Records provided below:

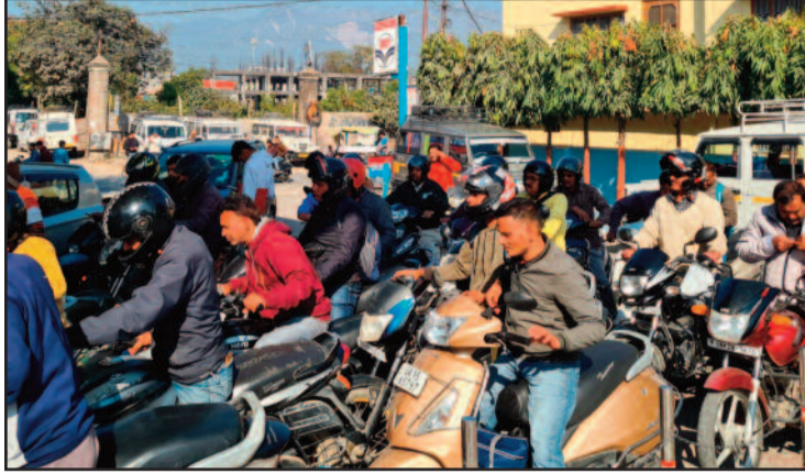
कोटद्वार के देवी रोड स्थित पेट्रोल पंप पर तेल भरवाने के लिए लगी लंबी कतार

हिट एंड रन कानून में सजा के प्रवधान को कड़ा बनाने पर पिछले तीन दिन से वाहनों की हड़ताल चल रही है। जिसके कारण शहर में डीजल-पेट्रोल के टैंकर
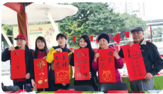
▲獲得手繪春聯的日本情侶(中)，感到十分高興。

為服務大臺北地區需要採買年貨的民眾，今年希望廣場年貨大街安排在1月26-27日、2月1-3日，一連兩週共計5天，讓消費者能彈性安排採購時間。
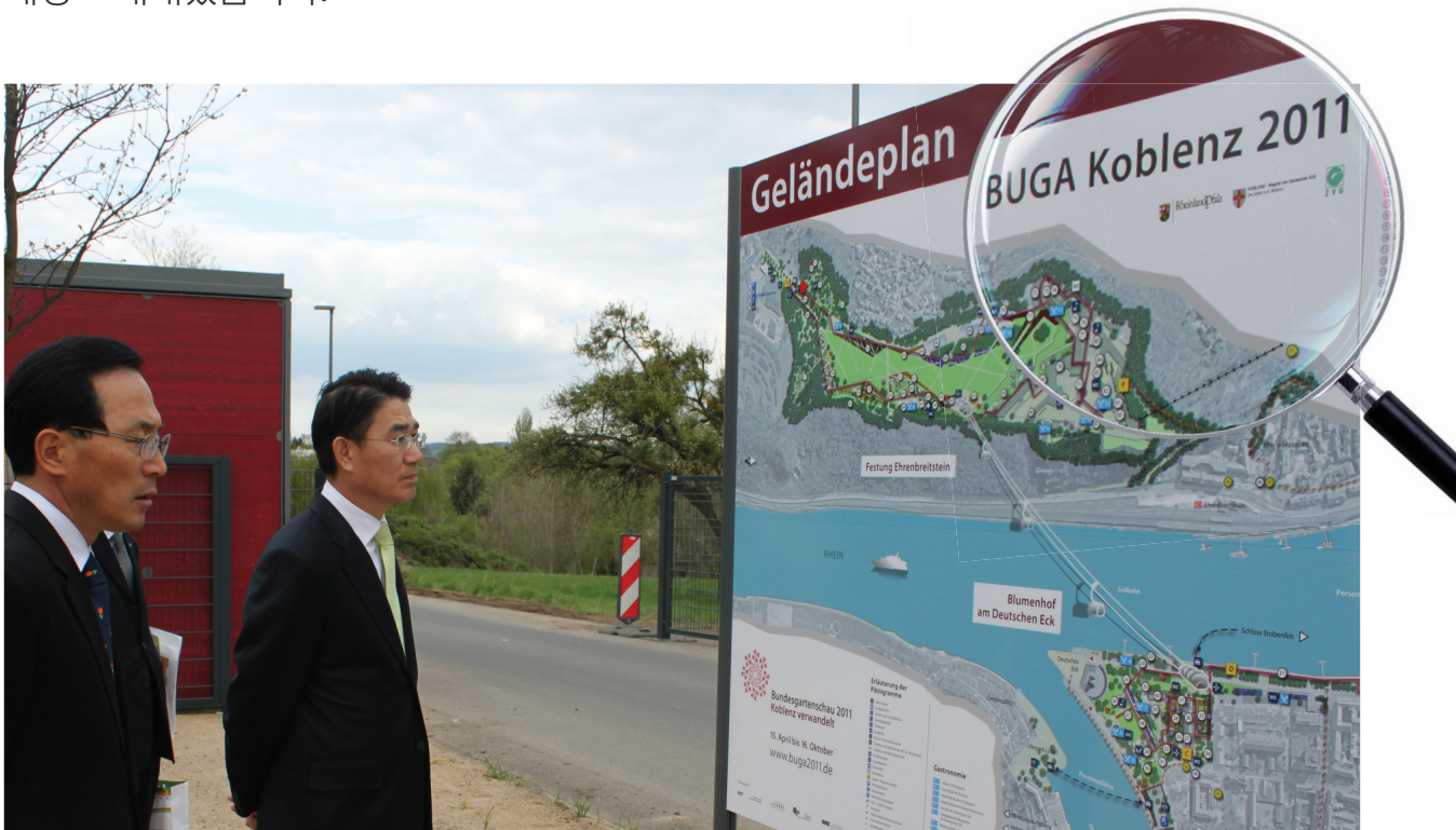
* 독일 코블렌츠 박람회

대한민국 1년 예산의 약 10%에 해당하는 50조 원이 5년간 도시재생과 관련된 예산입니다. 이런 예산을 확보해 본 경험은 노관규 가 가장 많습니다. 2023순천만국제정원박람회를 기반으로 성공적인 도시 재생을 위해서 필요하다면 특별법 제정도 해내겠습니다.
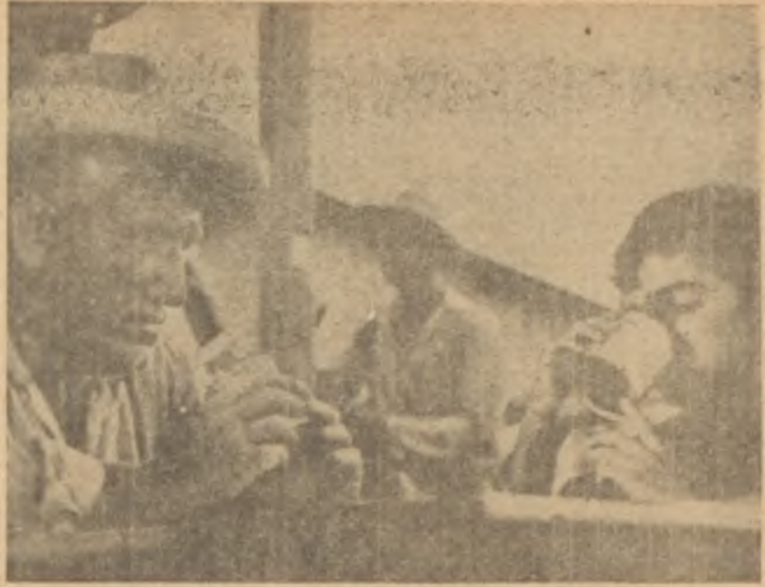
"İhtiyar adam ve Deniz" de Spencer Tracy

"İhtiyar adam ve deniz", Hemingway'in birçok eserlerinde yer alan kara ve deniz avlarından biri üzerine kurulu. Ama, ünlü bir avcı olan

End of Records provided.
Records provided below:

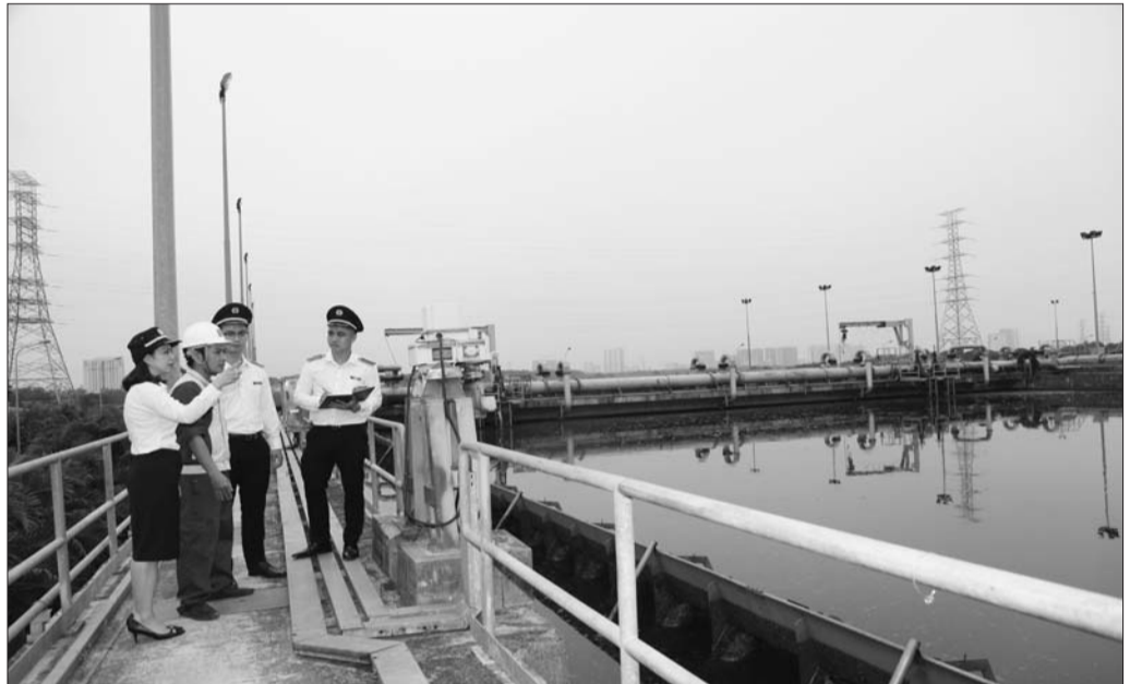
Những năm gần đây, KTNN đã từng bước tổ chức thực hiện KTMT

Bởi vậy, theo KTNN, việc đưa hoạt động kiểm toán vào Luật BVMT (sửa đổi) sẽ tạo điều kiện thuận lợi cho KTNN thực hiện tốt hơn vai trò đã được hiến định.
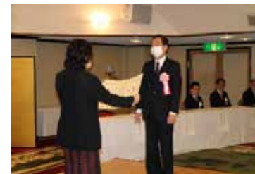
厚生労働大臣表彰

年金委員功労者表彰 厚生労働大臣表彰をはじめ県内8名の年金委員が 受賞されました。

End of Records provided.

Exercise description ::
Above are the records; restate exactly the lines from the one containing "कोटद्वार के देवी" through the one containing "bir avcı olan", keeping pictures out.

Answer to this exercise ::
कोटद्वार के देवी रोड स्थित पेट्रोल पंप पर तेल भरवाने के लिए लगी लंबी कतार

हिट एंड रन कानून में सजा के प्रवधान को कड़ा बनाने पर पिछले तीन दिन से वाहनों की हड़ताल चल रही है। जिसके कारण शहर में डीजल-पेट्रोल के टैंकर
▲獲得手繪春聯的日本情侶(中)，感到十分高興。

為服務大臺北地區需要採買年貨的民眾，今年希望廣場年貨大街安排在1月26-27日、2月1-3日，一連兩週共計5天，讓消費者能彈性安排採購時間。
* 독일 코블렌츠 박람회

대한민국 1년 예산의 약 10%에 해당하는 50조 원이 5년간 도시재생과 관련된 예산입니다. 이런 예산을 확보해 본 경험은 노관규 가 가장 많습니다. 2023순천만국제정원박람회를 기반으로 성공적인 도시 재생을 위해서 필요하다면 특별법 제정도 해내겠습니다.
"İhtiyar adam ve Deniz" de Spencer Tracy

"İhtiyar adam ve deniz", Hemingway'in birçok eserlerinde yer alan kara ve deniz avlarından biri üzerine kurulu. Ama, ünlü bir avcı olan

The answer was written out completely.